YOUR GOAL: In the copy, include no pictures, but reproduce every record exactly.

WORKING DATA:

• • • •

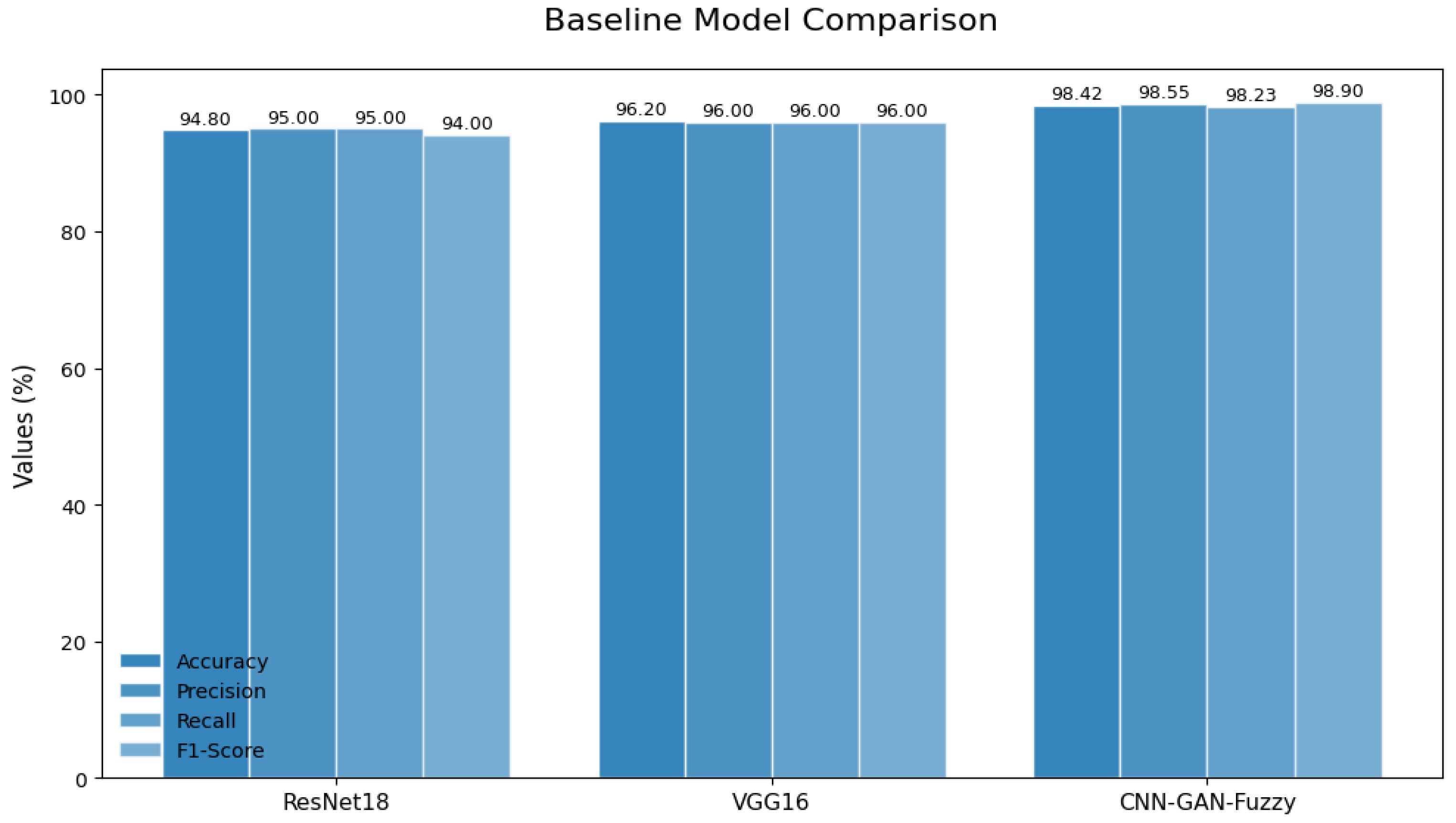The proposed model was compared against commonly used CNN architectures such as ResNet18 and VGG16 to put the results into perspective. ResNet18 achieved 94.8% accuracy and VGG16 reached 96.2%, yet neither attained the highest classification performance. In contrast, the GAN–CNN–Fuzzy model achieved an outstanding accuracy of 98.42%, clearly outperforming all baseline models across every evaluation metric.
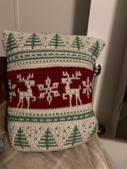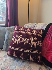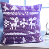 **A stunning Scandinavian-inspired Mosaic Pillow Crocheted as one piece, in the Round, featuring Dancing Deer, Pine Trees & Snowflakes!**
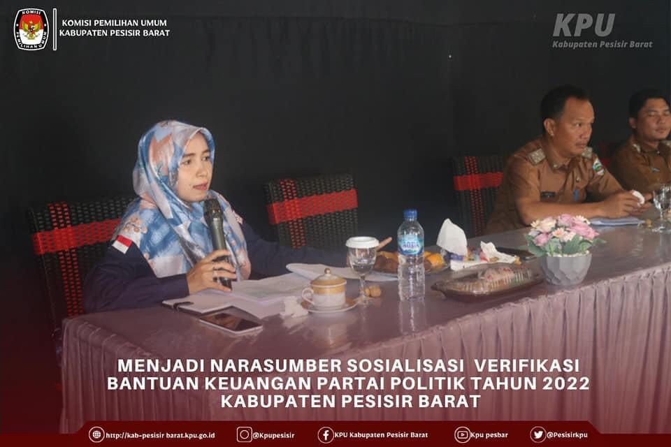 Ketua KPU Pesisir Barat Marlini, S.H.I, MA. dan Sekretaris KPU Pesisir Barat Donny Zulkarnaen, S. Pd. I. beserta staf , Selasa (19/7) Mengikuti Sosialisasi Verifikasi Bantuan Keuangan Partai Politik Tahun 2022 yang di selegarakan oleh Kesbangpol Kabupaten Pesisir Barat.
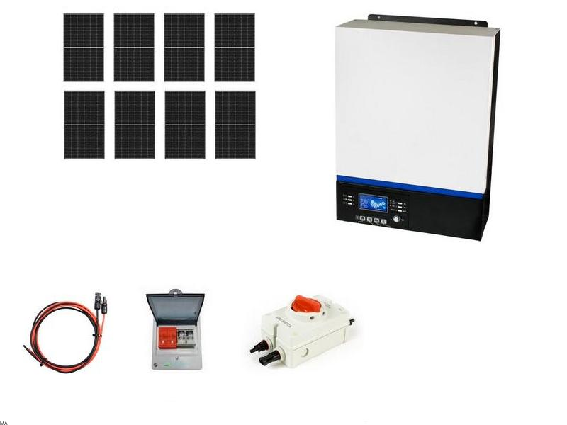 Zestaw składa się z 8 paneli monokrystalicznych o mocy 430W każdy, inwertera hybrydowego ESB-6kW-24, zabezpieczenia DC/DC, rozłącznika izolacyjnego oraz kompletnego okablowania o długości 25 metrów zakończonego złączami MC4.
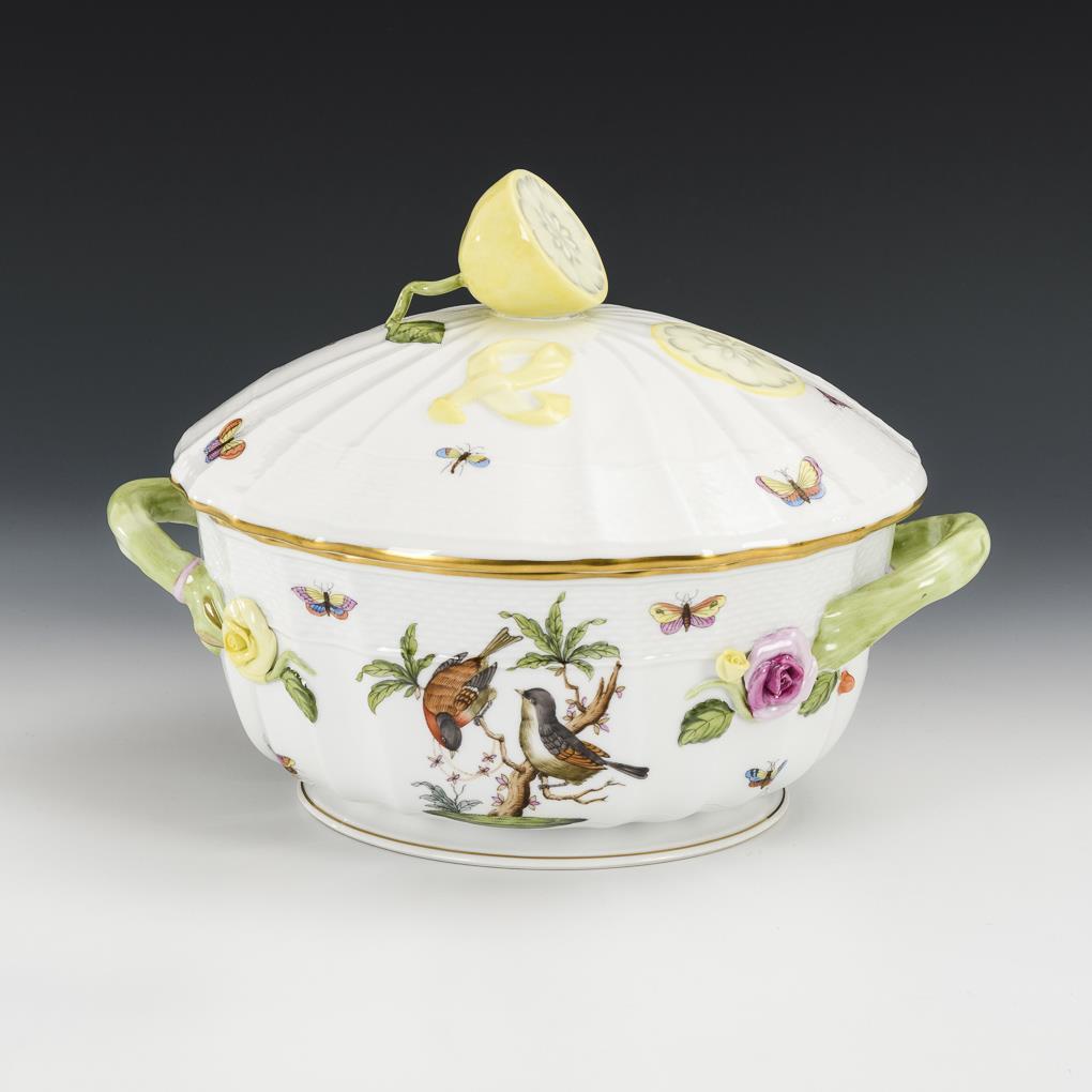 Form "Altozier". Terrine mit Asthandhaben und Zitronenknaufdeckel. Umlaufend Vogel- und Insektenmalerei.

• • • •

EXERCISE OUTPUT:
The proposed model was compared against commonly used CNN architectures such as ResNet18 and VGG16 to put the results into perspective. ResNet18 achieved 94.8% accuracy and VGG16 reached 96.2%, yet neither attained the highest classification performance. In contrast, the GAN–CNN–Fuzzy model achieved an outstanding accuracy of 98.42%, clearly outperforming all baseline models across every evaluation metric.
 **A stunning Scandinavian-inspired Mosaic Pillow Crocheted as one piece, in the Round, featuring Dancing Deer, Pine Trees & Snowflakes!**
 Ketua KPU Pesisir Barat Marlini, S.H.I, MA. dan Sekretaris KPU Pesisir Barat Donny Zulkarnaen, S. Pd. I. beserta staf , Selasa (19/7) Mengikuti Sosialisasi Verifikasi Bantuan Keuangan Partai Politik Tahun 2022 yang di selegarakan oleh Kesbangpol Kabupaten Pesisir Barat.
 Zestaw składa się z 8 paneli monokrystalicznych o mocy 430W każdy, inwertera hybrydowego ESB-6kW-24, zabezpieczenia DC/DC, rozłącznika izolacyjnego oraz kompletnego okablowania o długości 25 metrów zakończonego złączami MC4.
 Form "Altozier". Terrine mit Asthandhaben und Zitronenknaufdeckel. Umlaufend Vogel- und Insektenmalerei.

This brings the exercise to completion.